Stage input data into __shared__ memory before the filter accumulation loop in all four filter template functions:

  • filter1d_8_vertical_kernel: tile (BLOCKY + fwidth_0 - 1) × 128 per plane (uint8_t). Block-cooperative load, single __syncthreads().
  • filter1d_8_horizontal_kernel: tile 273 uint32_t per tmp channel × 7 channels. Block-cooperative load into 7 __shared__ arrays.
  • filter1d_16_vertical_kernel: tile (BLOCKY + fwidth - 1) × 128 per plane (uint16_t).
  • filter1d_16_horizontal_kernel: same layout as 8-bit horizontal.

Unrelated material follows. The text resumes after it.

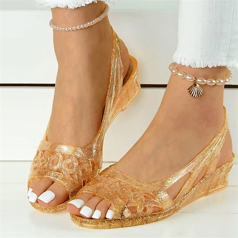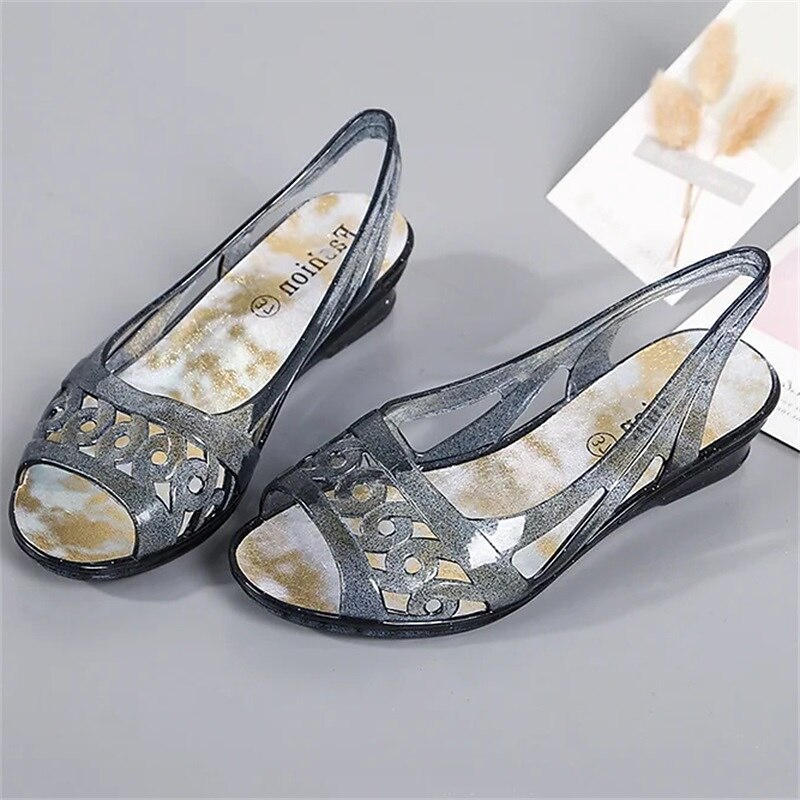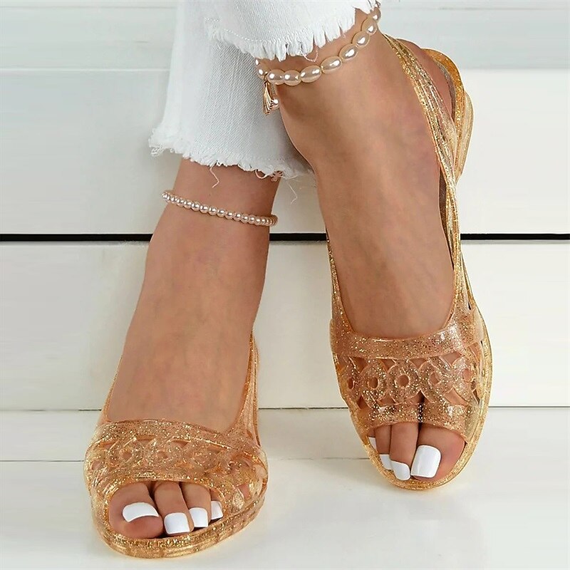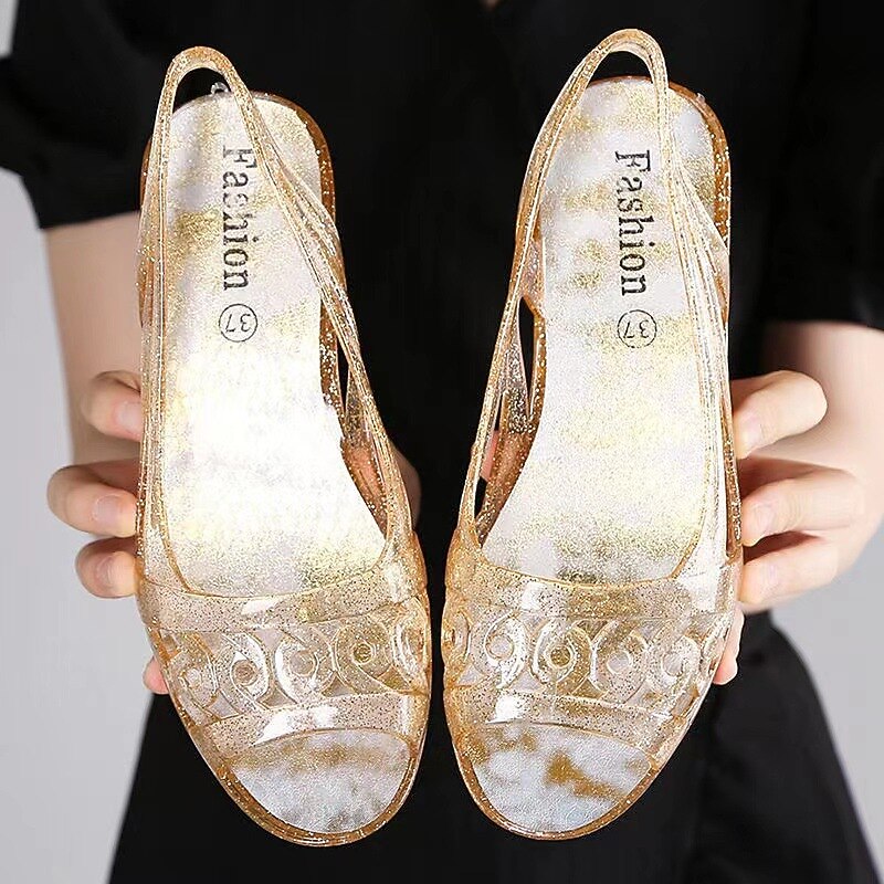 : Crafted from high-quality, flexible PVC material, these jelly sandals offer durability and a comfortable fit for the summer season, providing a stylish and inviting feel.

The boundary mirror (reflect at y=0, y=h-1, x=0, x=w-1) is applied in the smem load phase; the compute phase reads smem unconditionally. All arithmetic is unchanged — results are bit-identical to the pre-patch kernel.

Alternatives considered

Option Pros Cons Why not chosen
Texture cache (read-only path via __ldg) Zero code change to tile logic Only improves L2 hit-rate; does not eliminate redundant loads across threads Does not address inter-thread reuse within the block
Fused vertical + horizontal single kernel Eliminates 7 tmp buffer round-trips 17-tap × 7-channel smem would exceed 48 KB at full block occupancy; requires 2D block restructuring Deferred to follow-up; the tmp buffers allow pipelined execution today
Half-width tile to reduce smem Halves smem per block, doubles occupancy Halo threads still issue global loads; the saving is marginal for the dominant interior path Not worth the indexing complexity
cudaFuncSetCacheConfig(cudaFuncCachePreferL1) Zero code change Moves L1/L2 boundary but does not change the access pattern Insufficient for 17-tap reuse distance

Consequences

  • Positive: Horizontal kernel reduces unique L2 reads by 7–8× for the interior path (7 smem loads replace 7 × 17 global loads per output pixel). Vertical kernel eliminates 16 of 17 redundant row loads per warp across adjacent blocks in Y. Estimated combined speedup: 15–35% on VIF.
  • Negative: Smem budget per block increases by ~7.6 KB (horizontal) and ~5–10 KB (vertical). At BLOCKX=128, BLOCKY=1 for horizontal and BLOCKX=32, BLOCKY=4 for vertical, the SM can still host 6+ active blocks per SM (48 KB / 7.6 KB ≈ 6). No occupancy regression expected.
  • Neutral: The __syncthreads() adds one barrier per kernel invocation. For 1080p this is ~135 barriers per pass (1920/256 × 1080 blocks) — a negligible overhead vs. the eliminated L2 traffic.

References

  • Research digest: Research-0135
  • Perf audit: .workingdir/perf-audit-cuda-2026-05-16.md wins #1, #4.
  • ADR-0214 (GPU parity CI gate — places=4 must pass).
  • NVIDIA CUDA C Best Practices Guide §"Shared Memory".